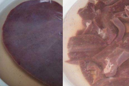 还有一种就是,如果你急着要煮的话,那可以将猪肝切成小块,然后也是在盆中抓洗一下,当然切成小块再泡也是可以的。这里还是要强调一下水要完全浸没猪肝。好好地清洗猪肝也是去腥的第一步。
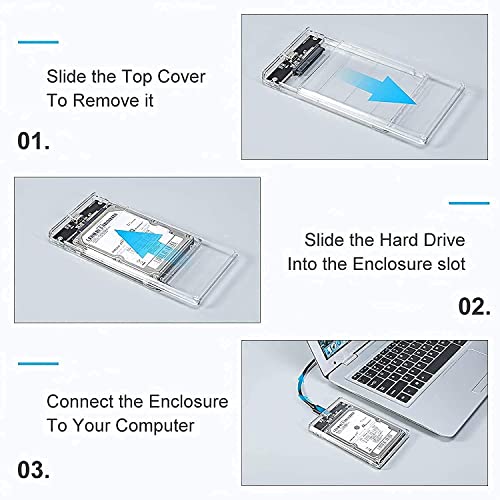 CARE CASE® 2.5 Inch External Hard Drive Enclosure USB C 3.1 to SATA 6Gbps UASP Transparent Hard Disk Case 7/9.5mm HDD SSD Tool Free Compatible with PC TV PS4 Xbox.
--------------------
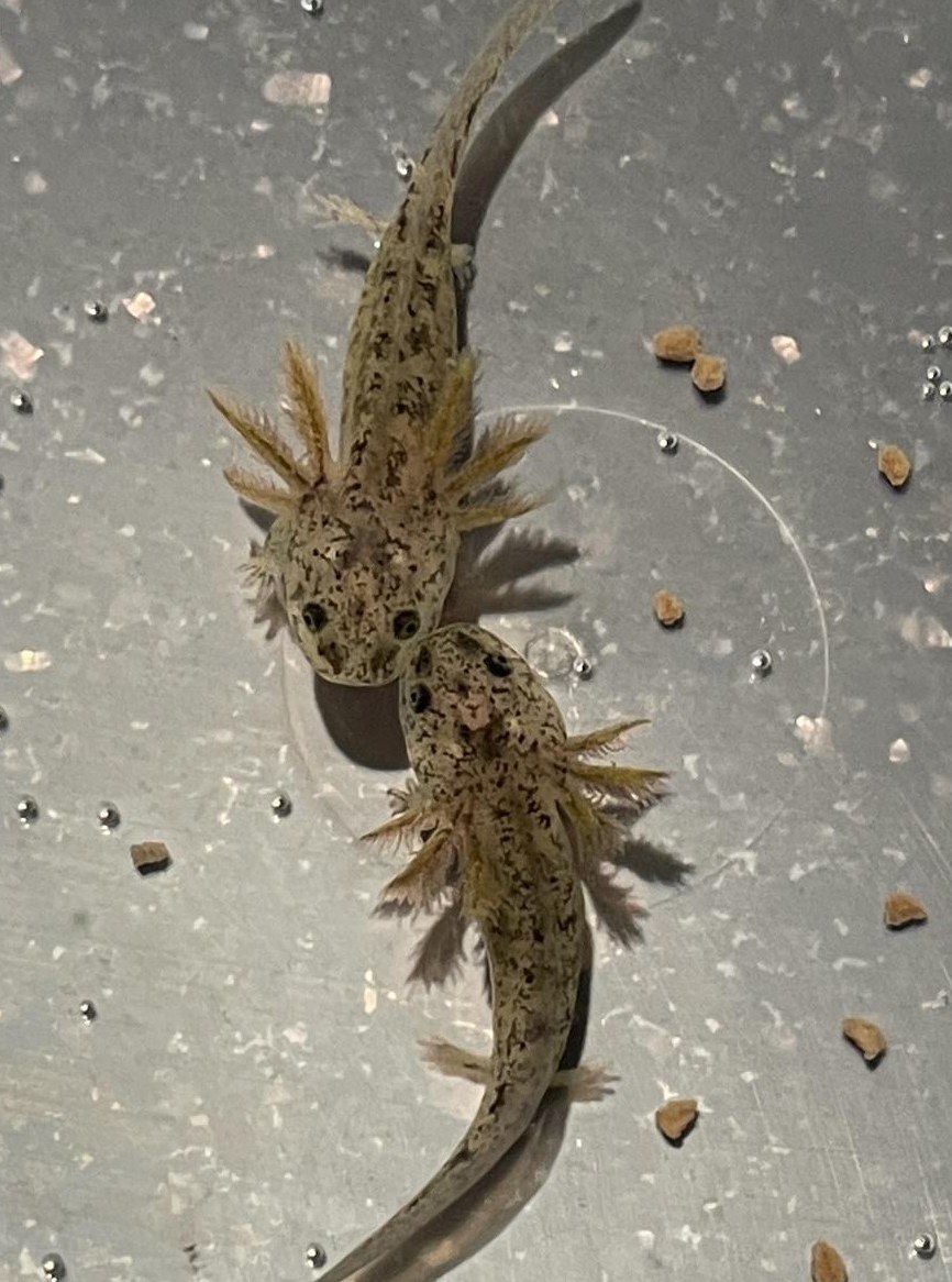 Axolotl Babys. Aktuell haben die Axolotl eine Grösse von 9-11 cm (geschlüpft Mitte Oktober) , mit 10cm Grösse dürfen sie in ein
--------------------
:: Exercise prompt ::
Going by the entries above, repeat exactly the lines that start at the line with "还有一种就是,如果你急着要煮" and go on through the line with "CARE CASE® 2.5". Pictures are not part of the copy.

:: Answer for this exercise ::
 还有一种就是,如果你急着要煮的话,那可以将猪肝切成小块,然后也是在盆中抓洗一下,当然切成小块再泡也是可以的。这里还是要强调一下水要完全浸没猪肝。好好地清洗猪肝也是去腥的第一步。
 CARE CASE® 2.5 Inch External Hard Drive Enclosure USB C 3.1 to SATA 6Gbps UASP Transparent Hard Disk Case 7/9.5mm HDD SSD Tool Free Compatible with PC TV PS4 Xbox.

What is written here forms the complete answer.